Bob Dylan & The Band - The 1974 Live Recordings
Il 3 gennaio 1974 Bob Dylan chiama la Band di Robbie Robertson che già aveva voluto con sé in ”Planet waves”, il nuovo lp in uscita di lì a pochi giorni, e la porta sulla strada per un mese e mezzo, dando vita a quello che sarebbe diventato il più importante evento rock dell’epoca. Questo box di 27 cd documenta quel tour, i cui numeri parlano da soli: 40 concerti in 30 tappe, alcune con due show, uno diurno e l’altro serale, in 21 città americane.
“The 1974 live recordings” contiene 417 tracce live inedite, che ci danno l’opportunità di analizzare, seppur brevemente, la musica del songwriter di Duluth, artefice di canzoni che sono state fonte di ispirazione per molti altri artisti. Brani, quelli del musicista americano, contraddistinti da una certa libertà di articolazione strofica e nei quali, il più delle volte, si riscontra una fusione altissima tra penetrazione poetica e musica: i testi (vettori di nuove modalità di conoscenza, visionari, a tratti surreali, pieni di metafore bibliche e coscienti del Rinascimento americano e dei poeti europei) si uniscono alla melodia per creare profondità [“Parole di disillusione scoppiano come proiettili / Mentre divinità umane prendono la mira per i loro obiettivi / Costruiscono di tutto, da armi giocattolo che scintillano / A Cristi color carne che splendono al buio / È facile da capire senza dover guardare molto lontano / Che non c’è molto di veramente sacro” (It’s Alright, Ma); “Mamma di ferro / Con la carne che ti balla sulle ossa / Devo andare giù al fiume e prendere dei sassi / Tua sorella è sull’autostrada con quella ciurma di guidatori di acciaio / Tuo papà è nella casa grande, i suoi giorni di lavoro sono finiti / Mamma di ferro / Posso soffiarti addosso un po’ di fumo?” (Tough Mama); “Possa Dio benedirti e proteggerti sempre / Possano tutti i tuoi desideri diventare realtà / Possa tu sempre fare qualcosa per gli altri / E lasciare che gli altri facciano qualcosa per te / Possa tu costruire una scala verso le stelle / E salirne ogni gradino / Possa tu restare per sempre giovane / Per sempre giovane per sempre giovane / Possa tu restare per sempre giovane” (Forever Young)]. “Il suo modo di dividere metricamente - ha scritto Gino Castaldo a proposito di Dylan - è stato innovativo, geniale, proprio perché ha reso musicale ciò che sulla carta non lo sembrava affatto”. Nelle sue canzoni, gli elementi in gioco - folk, blues, country, rock - sono ben rifusi e, soprattutto, assolutamente personalizzati; e lo stesso si può dire per quanto attiene al canto: la voce del cantautore statunitense, assai poco regolare e incredibilmente espressiva (e che crea costantemente contromelodie rispetto a quella lineare che viene in qualche maniera resa implicita...), ha dato il via ad una vera e propria rivoluzione riguardo a un modo di cantare, levigato e artificiale, tipico della musica leggera americana precedente gli anni Sessanta.

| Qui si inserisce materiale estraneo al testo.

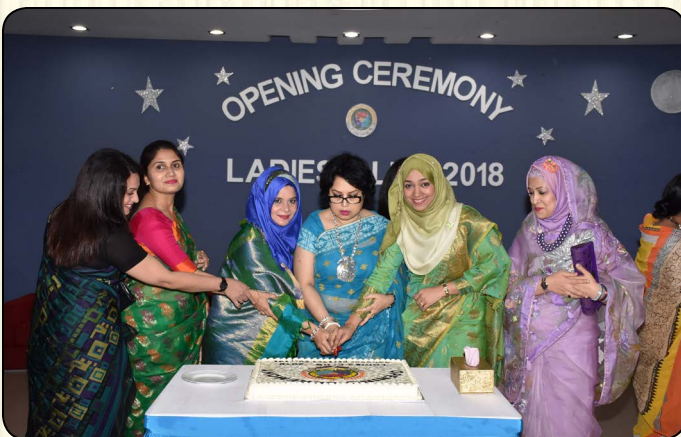
Opening Ceremony of NDC Ladies Club on 01 March 2018.

“In questo tour, tra il set collettivo e quello della sola Band, c’è una parte acustica per voce, chitarra e armonica: la più intensa. È qui, alla fine, che il tono di Dylan si trasfigura in qualcosa di fiero e aggressivo, con le parole incatenate l’una all’altra come nel migliore ‘flow’ rap: per definirlo, la parola ‘punk’ non è certamente fuori luogo” (Valeria Rusconi).